- _The problem_
Your answer must be a word-for-word copy of the listing, with all pictures excluded.

- _Data supplied_
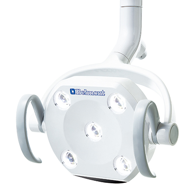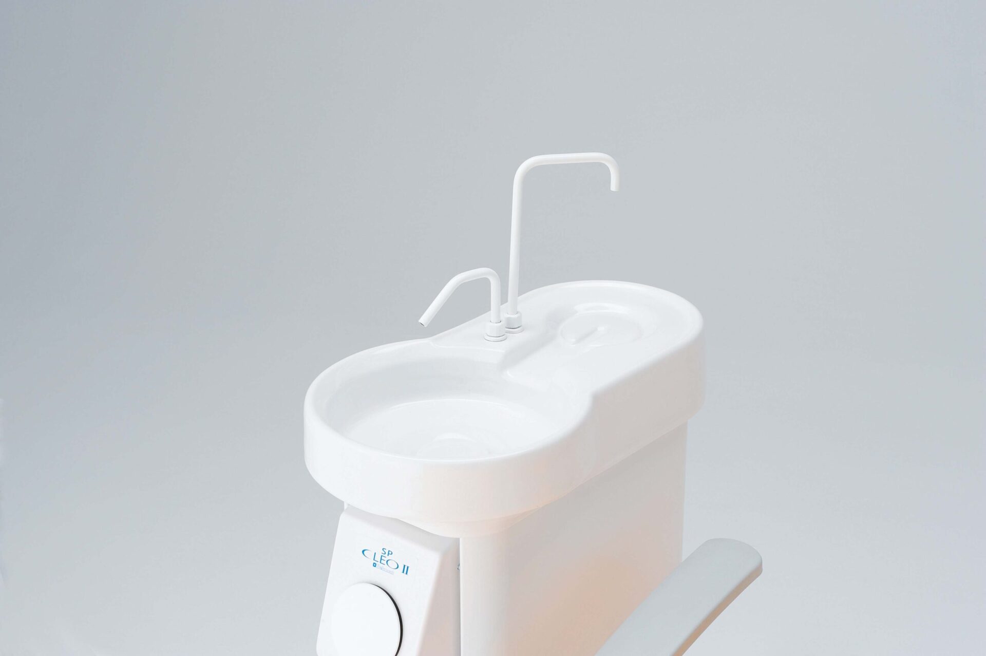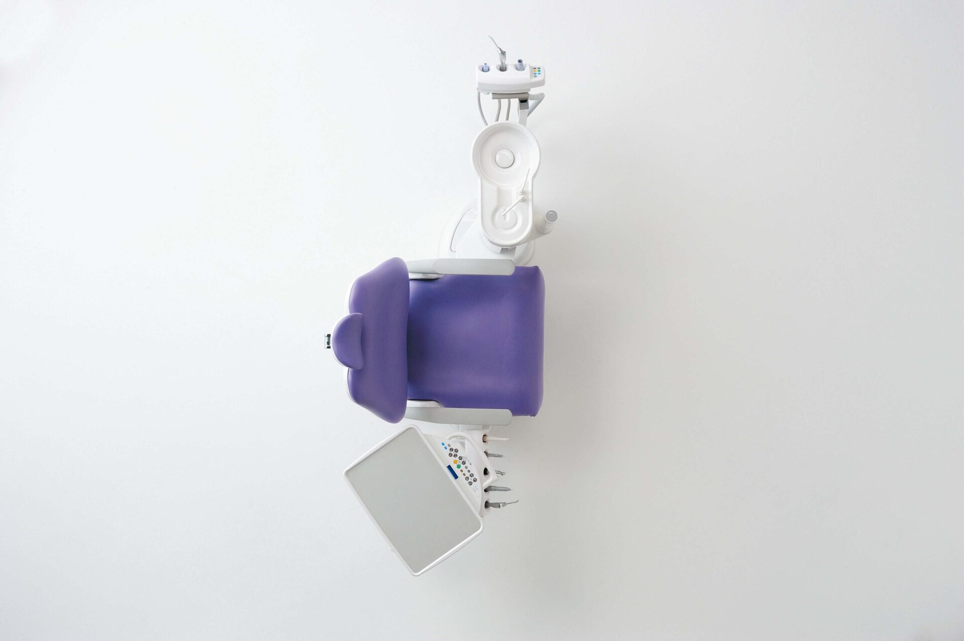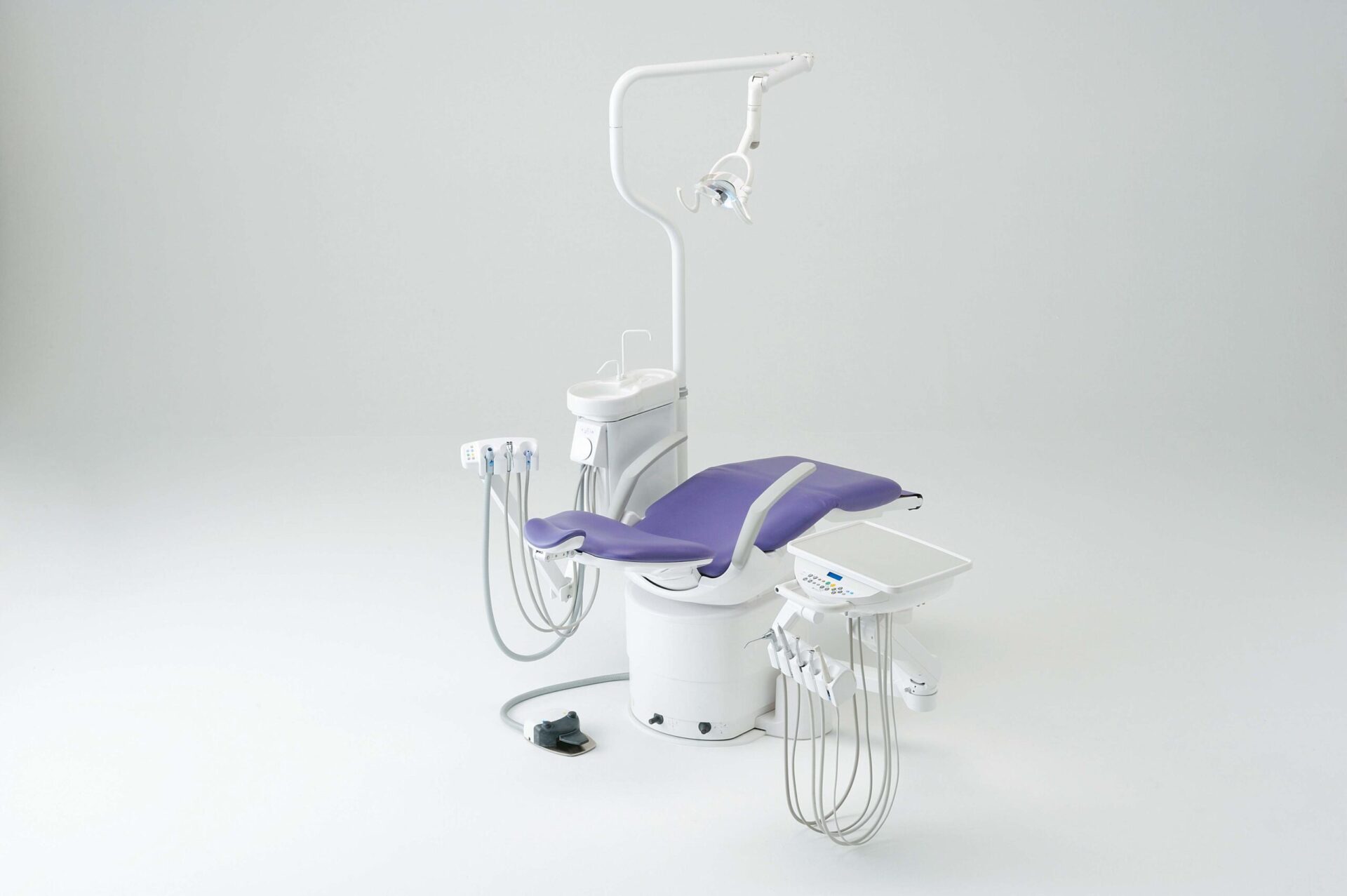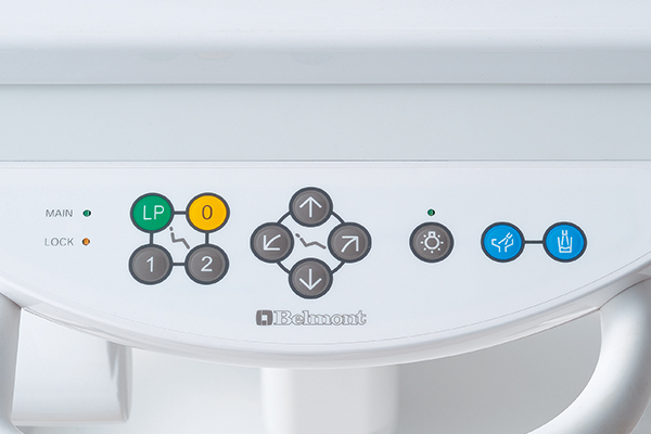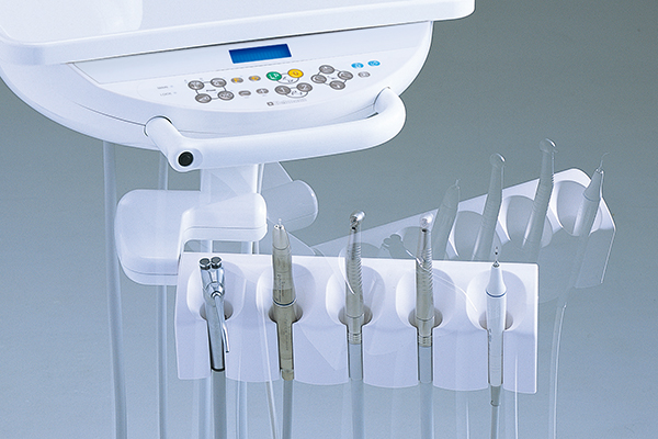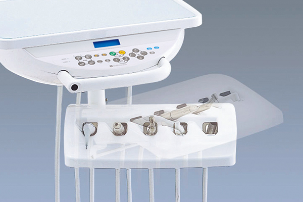 Switches for chair control, cupfiller, and bowl flush are conveniently located next to the handpieces, instead of out of the way on the cuspidor.
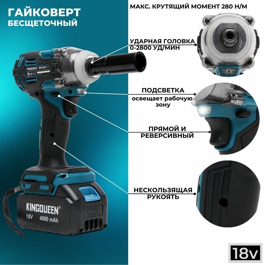 Impact battery with a set of accessories 18V, 280 Nm / Screwdriver
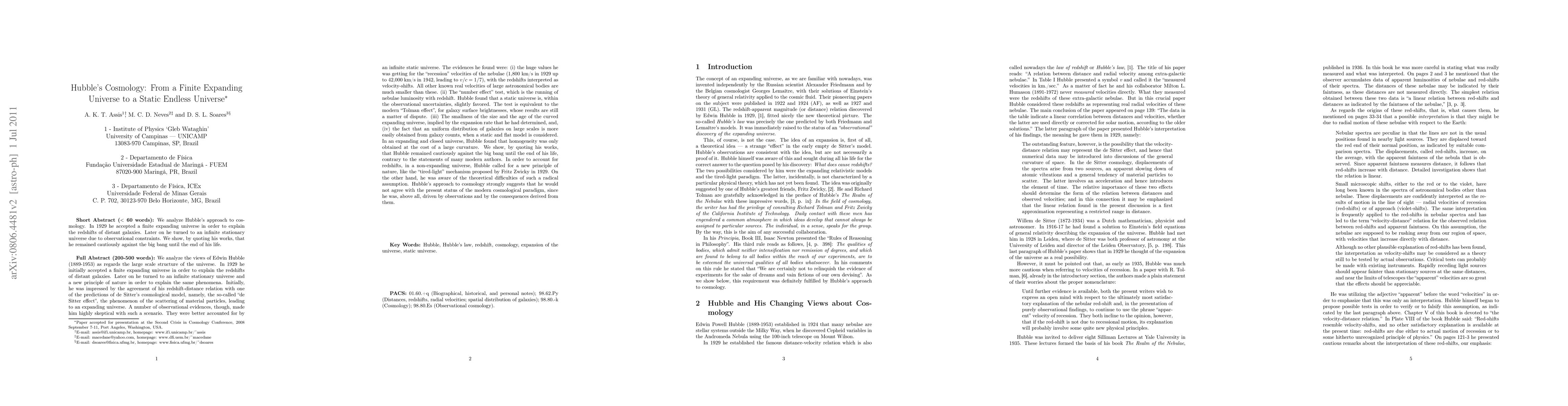 Summary: This paper explores Hubble's evolving cosmology, from his initial acceptance of a finite expanding universe in 1929 to his later shift towards an infinite stationary universe due to observational constraints, while highlighting his persistent skepticism towards the big bang theory.
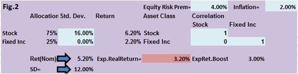 In Fig. 2 we assume ‘Real risk-free return’=0.2%, ‘Inflation’=2% and an Equity Risk Premium = 4%; ’stock ‘volatility’ or ‘standard deviation’ (SD)=16%. Therefore ‘nominal risk-free return’= 2.2% (0.2%+2.0%) while nominal stock return= 6.2% (2.2%+4%).
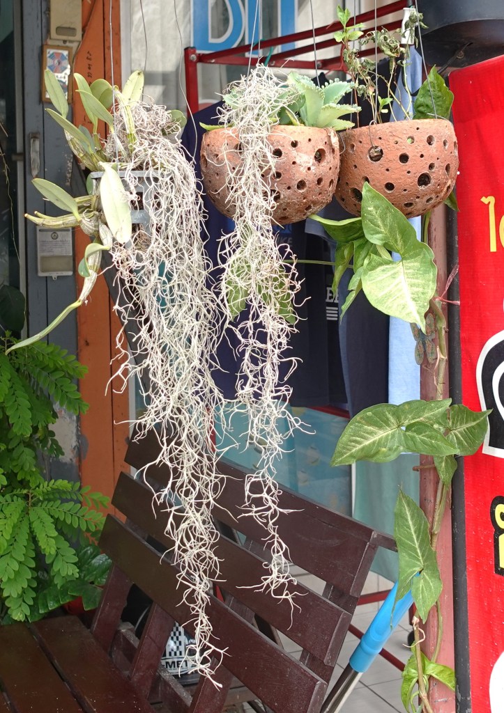 つるすタイプの植木鉢にもいろいろあり、木を井形に組んだものや、素焼きの鉢に大きな穴があいたものなどがある。雨季の土砂降りの雨にあっても水はけがよく、空気が通るようにして根腐れが起こらないようになっている
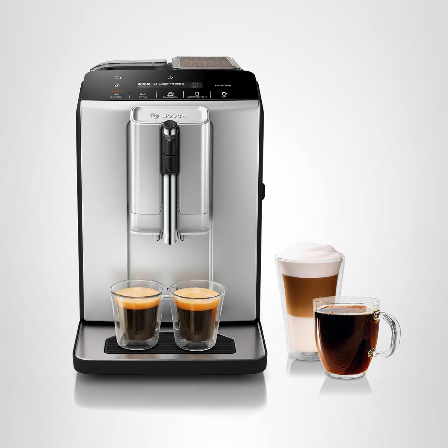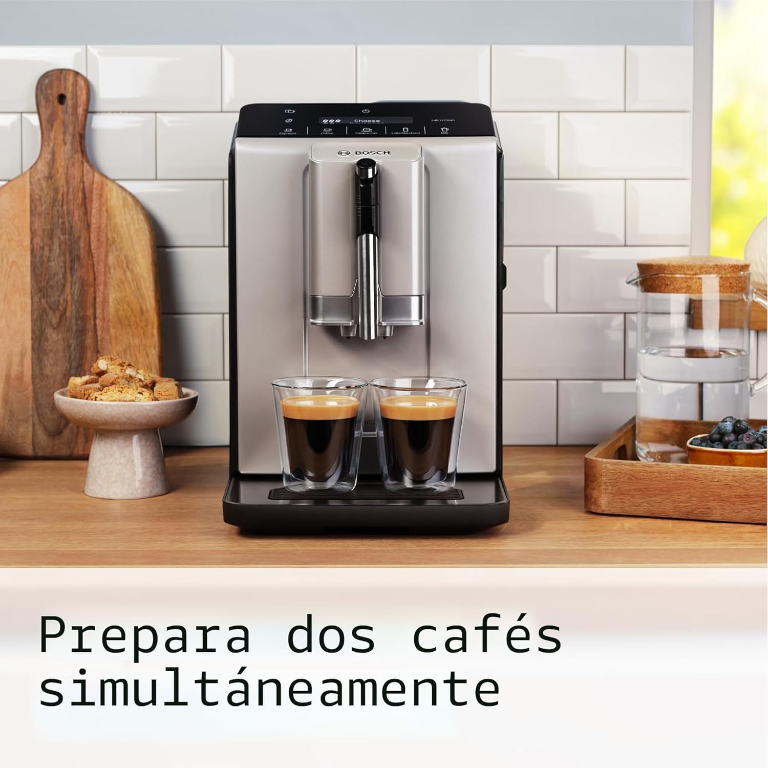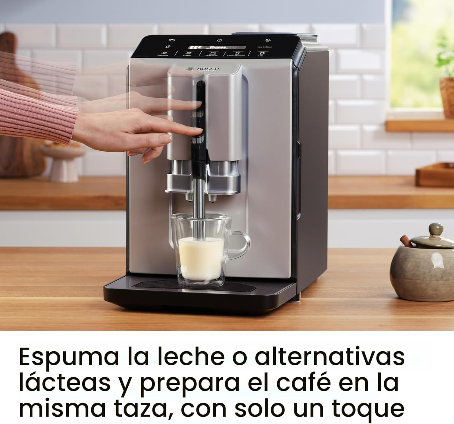La Bosch Serie 300 combina tecnología avanzada y facilidad de uso para preparar café y bebidas con leche de manera rápida y profesional. Su sistema OneTouch permite elaborar cappuccinos, lattes y cafés con leche con solo un botón, mientras que el espumador en taza asegura una espuma cremosa y consistente.
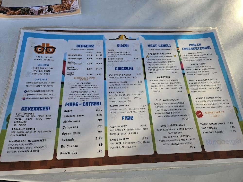 Welcome to Nurd Berger, Globe's premier burger joint located at 420 S Hill St. Known for its vibrant ambiance and excellent café offerings, Nurd Berger serves a delightful range of traditional and simple dishes, making it a favorite spot for lunch, dinner, or a quick snack. Enjoy our popular cheeseburgers and fries on our spacious patio, or opt for convenient takeaway and contactless delivery options. With accessible seating and free parking, we cater to everyone, including families and students. Join us for a unique dining experience where great food meets a relaxed atmosphere. Reservations are accepted!
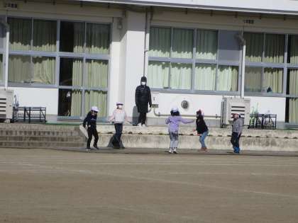 昼休み!でも、寒い!…しかし、1〜3年生は元気です。なわ跳びをしていたかと思えば、いつのまにか追いかけっこがはじまり、そして王様じゃんけんで盛り上がっていたのでした。
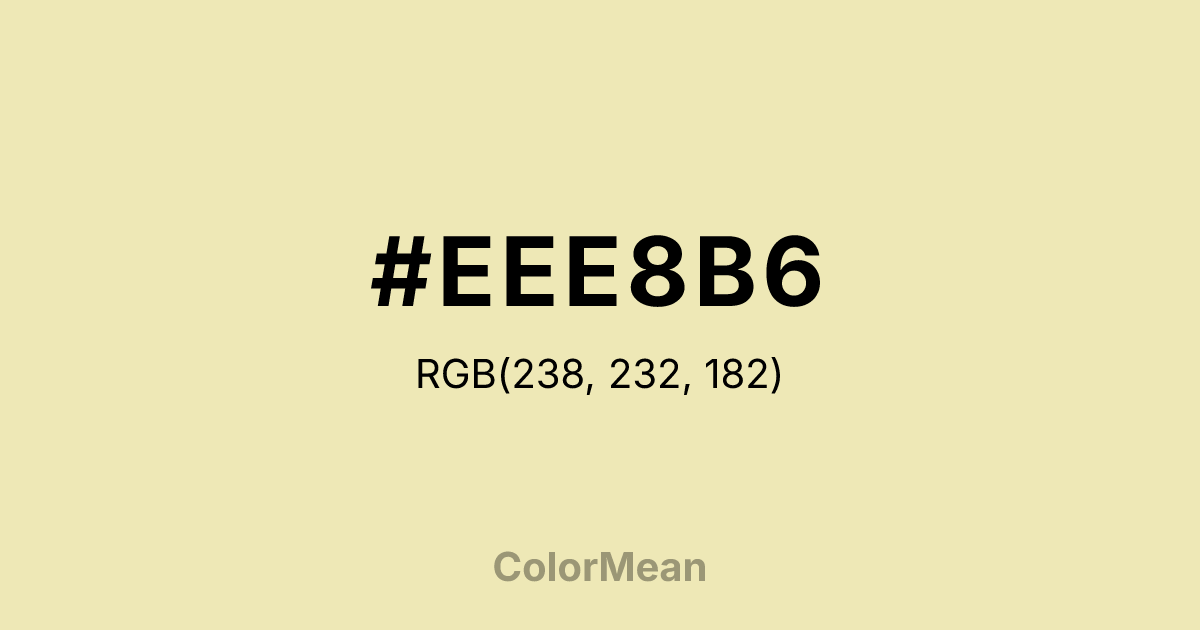 #EEE8B6 RGB value is (238, 232, 182). The hex color red value is 238, green is 232, and blue is 182. Its HSL format shows a hue of 54°, saturation of 62 percent, and lightness of 82 percent. The CMYK process values are 0 percent, 3 percent, 24 percent, 7 percent.
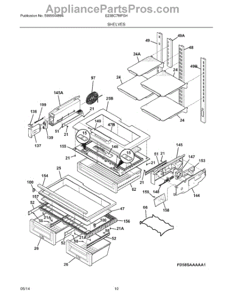 This slide crisper cover is the glass shelf that sits above the refrigerator crisper drawer, giving a smooth sliding surface and supporting produce while keeping the crisper compartment sealed from the rest of the fridge. What it does
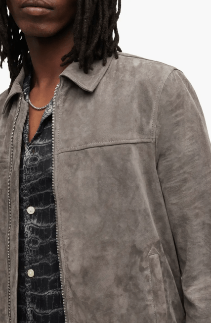 Men's Bomber Suede Leather Jacket In Gray
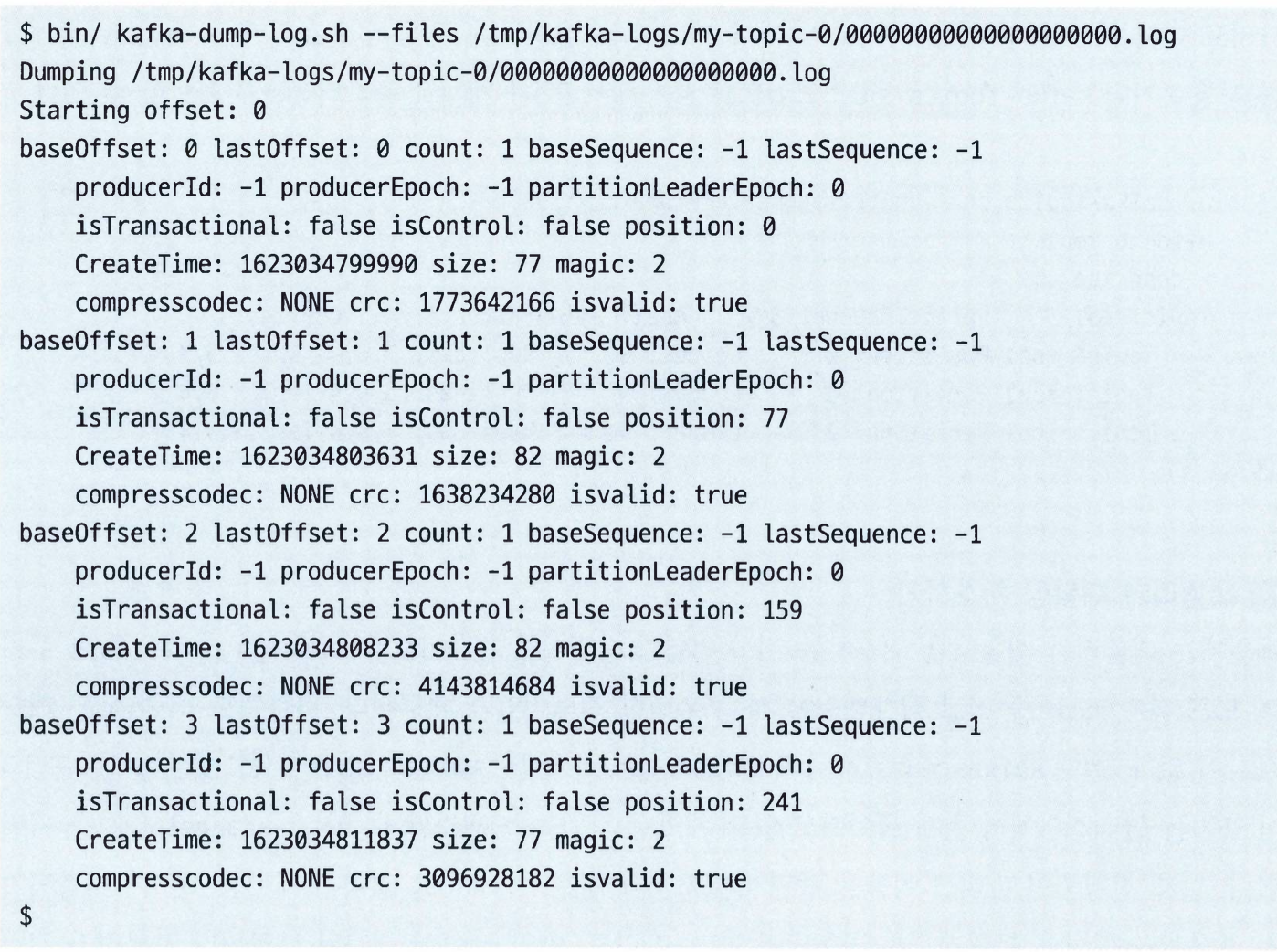 툴은 파티션의 로그 세그먼트들을 열어볼 때 사용하는 툴이다.- 이 툴을 사용하면 토픽을 컨슈머로 읽어올 필요 없이 각각의 메시지를 바로 열어볼 수 있다.
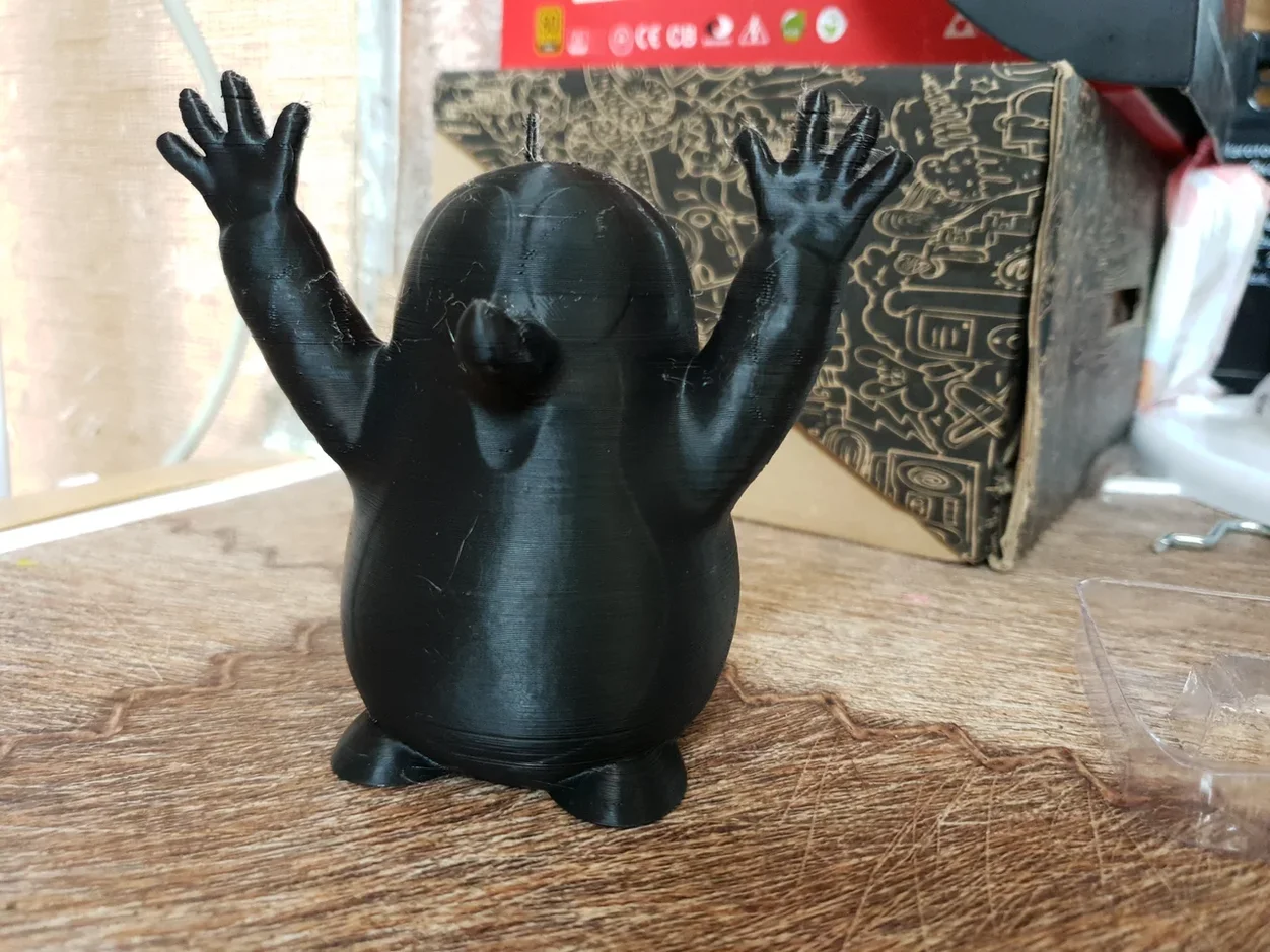 Видно, что у кротика всего 1 волос на голове :(. Печать получилась сопливенькая, но наверное ничего уже с этим не поделать, на меньшей температуре иногда щёлкает экструдер, ретракт сильнее не сделать - титановый heatbreak, флоу уже слегка уменьшен.
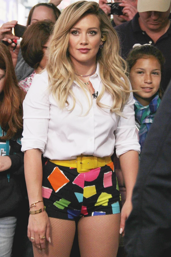 A popsztár most a Good Morning America című műsor vendége volt, ahol kivételesen nem vadonatúj, meghökkentő hajszínével keltett feltűnést, hanem igencsak nyárias szettjével. Hilary Duff egy igazi 80-as évek hangulatú forrónadrágban parádézott, ennél kisebb darabot nehéz lett volna találni, nem?

- _Solution for this exercise_
 Switches for chair control, cupfiller, and bowl flush are conveniently located next to the handpieces, instead of out of the way on the cuspidor.
 Impact battery with a set of accessories 18V, 280 Nm / Screwdriver
 Summary: This paper explores Hubble's evolving cosmology, from his initial acceptance of a finite expanding universe in 1929 to his later shift towards an infinite stationary universe due to observational constraints, while highlighting his persistent skepticism towards the big bang theory.
 In Fig. 2 we assume ‘Real risk-free return’=0.2%, ‘Inflation’=2% and an Equity Risk Premium = 4%; ’stock ‘volatility’ or ‘standard deviation’ (SD)=16%. Therefore ‘nominal risk-free return’= 2.2% (0.2%+2.0%) while nominal stock return= 6.2% (2.2%+4%).
 つるすタイプの植木鉢にもいろいろあり、木を井形に組んだものや、素焼きの鉢に大きな穴があいたものなどがある。雨季の土砂降りの雨にあっても水はけがよく、空気が通るようにして根腐れが起こらないようになっている
La Bosch Serie 300 combina tecnología avanzada y facilidad de uso para preparar café y bebidas con leche de manera rápida y profesional. Su sistema OneTouch permite elaborar cappuccinos, lattes y cafés con leche con solo un botón, mientras que el espumador en taza asegura una espuma cremosa y consistente.
 Welcome to Nurd Berger, Globe's premier burger joint located at 420 S Hill St. Known for its vibrant ambiance and excellent café offerings, Nurd Berger serves a delightful range of traditional and simple dishes, making it a favorite spot for lunch, dinner, or a quick snack. Enjoy our popular cheeseburgers and fries on our spacious patio, or opt for convenient takeaway and contactless delivery options. With accessible seating and free parking, we cater to everyone, including families and students. Join us for a unique dining experience where great food meets a relaxed atmosphere. Reservations are accepted!
 昼休み!でも、寒い!…しかし、1〜3年生は元気です。なわ跳びをしていたかと思えば、いつのまにか追いかけっこがはじまり、そして王様じゃんけんで盛り上がっていたのでした。
 #EEE8B6 RGB value is (238, 232, 182). The hex color red value is 238, green is 232, and blue is 182. Its HSL format shows a hue of 54°, saturation of 62 percent, and lightness of 82 percent. The CMYK process values are 0 percent, 3 percent, 24 percent, 7 percent.
 This slide crisper cover is the glass shelf that sits above the refrigerator crisper drawer, giving a smooth sliding surface and supporting produce while keeping the crisper compartment sealed from the rest of the fridge. What it does
 Men's Bomber Suede Leather Jacket In Gray
 툴은 파티션의 로그 세그먼트들을 열어볼 때 사용하는 툴이다.- 이 툴을 사용하면 토픽을 컨슈머로 읽어올 필요 없이 각각의 메시지를 바로 열어볼 수 있다.
 Видно, что у кротика всего 1 волос на голове :(. Печать получилась сопливенькая, но наверное ничего уже с этим не поделать, на меньшей температуре иногда щёлкает экструдер, ретракт сильнее не сделать - титановый heatbreak, флоу уже слегка уменьшен.
 A popsztár most a Good Morning America című műsor vendége volt, ahol kivételesen nem vadonatúj, meghökkentő hajszínével keltett feltűnést, hanem igencsak nyárias szettjével. Hilary Duff egy igazi 80-as évek hangulatú forrónadrágban parádézott, ennél kisebb darabot nehéz lett volna találni, nem?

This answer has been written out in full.